> **Required action**: Your task is to write out the entire listing exactly, omitting its pictures.

> **Input**:
|---|

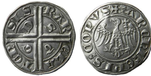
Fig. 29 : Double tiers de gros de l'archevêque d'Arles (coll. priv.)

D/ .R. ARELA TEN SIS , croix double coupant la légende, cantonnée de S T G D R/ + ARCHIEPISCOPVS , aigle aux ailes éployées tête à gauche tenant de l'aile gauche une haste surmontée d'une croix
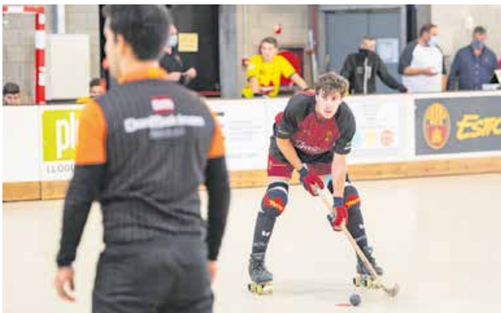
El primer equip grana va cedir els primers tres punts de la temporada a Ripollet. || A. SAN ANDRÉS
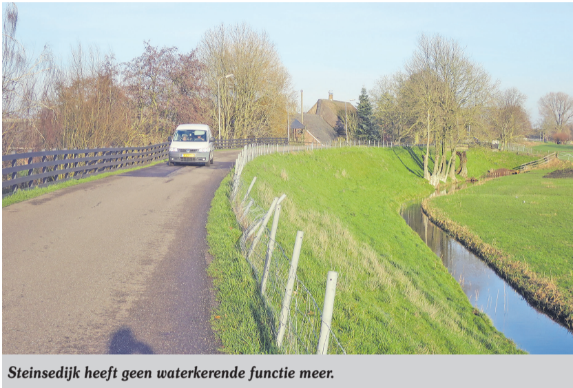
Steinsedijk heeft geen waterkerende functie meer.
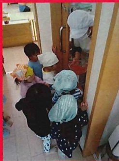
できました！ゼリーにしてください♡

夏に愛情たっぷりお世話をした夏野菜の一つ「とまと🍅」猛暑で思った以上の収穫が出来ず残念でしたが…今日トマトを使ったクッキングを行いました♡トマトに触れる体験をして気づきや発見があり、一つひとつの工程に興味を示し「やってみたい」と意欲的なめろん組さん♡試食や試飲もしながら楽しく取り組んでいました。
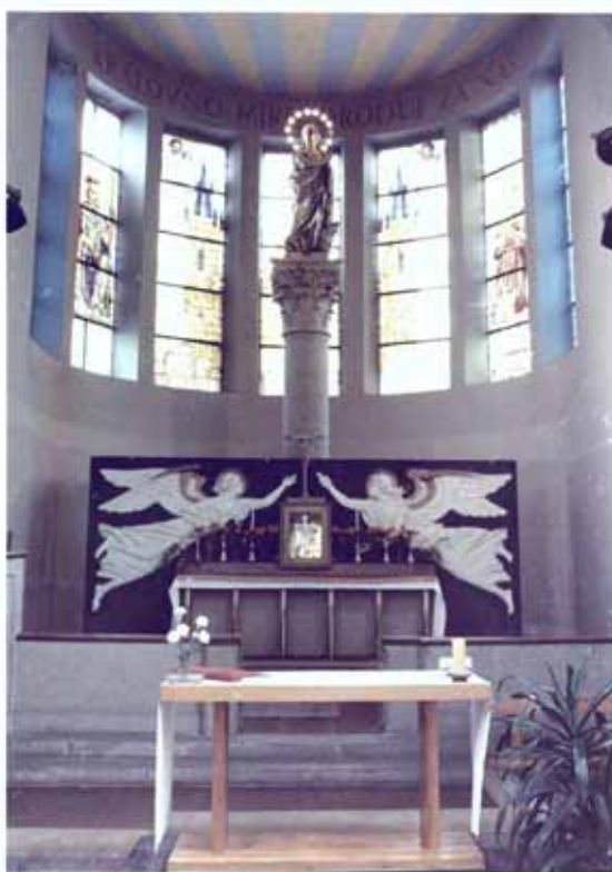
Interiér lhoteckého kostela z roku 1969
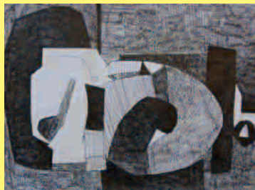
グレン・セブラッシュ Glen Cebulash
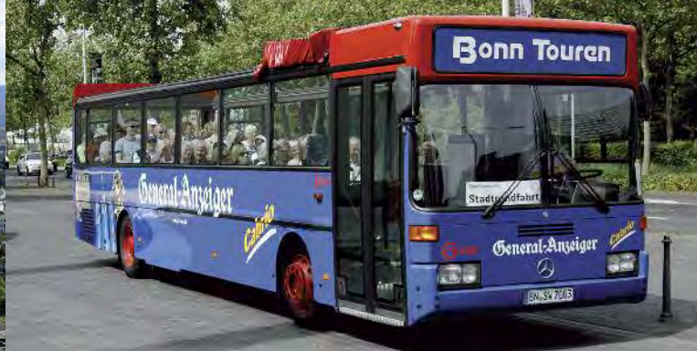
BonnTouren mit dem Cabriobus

|---|

> **Answer section**:
Fig. 29 : Double tiers de gros de l'archevêque d'Arles (coll. priv.)

D/ .R. ARELA TEN SIS , croix double coupant la légende, cantonnée de S T G D R/ + ARCHIEPISCOPVS , aigle aux ailes éployées tête à gauche tenant de l'aile gauche une haste surmontée d'une croix
El primer equip grana va cedir els primers tres punts de la temporada a Ripollet. || A. SAN ANDRÉS
Steinsedijk heeft geen waterkerende functie meer.
できました！ゼリーにしてください♡

夏に愛情たっぷりお世話をした夏野菜の一つ「とまと🍅」猛暑で思った以上の収穫が出来ず残念でしたが…今日トマトを使ったクッキングを行いました♡トマトに触れる体験をして気づきや発見があり、一つひとつの工程に興味を示し「やってみたい」と意欲的なめろん組さん♡試食や試飲もしながら楽しく取り組んでいました。
Interiér lhoteckého kostela z roku 1969
グレン・セブラッシュ Glen Cebulash
BonnTouren mit dem Cabriobus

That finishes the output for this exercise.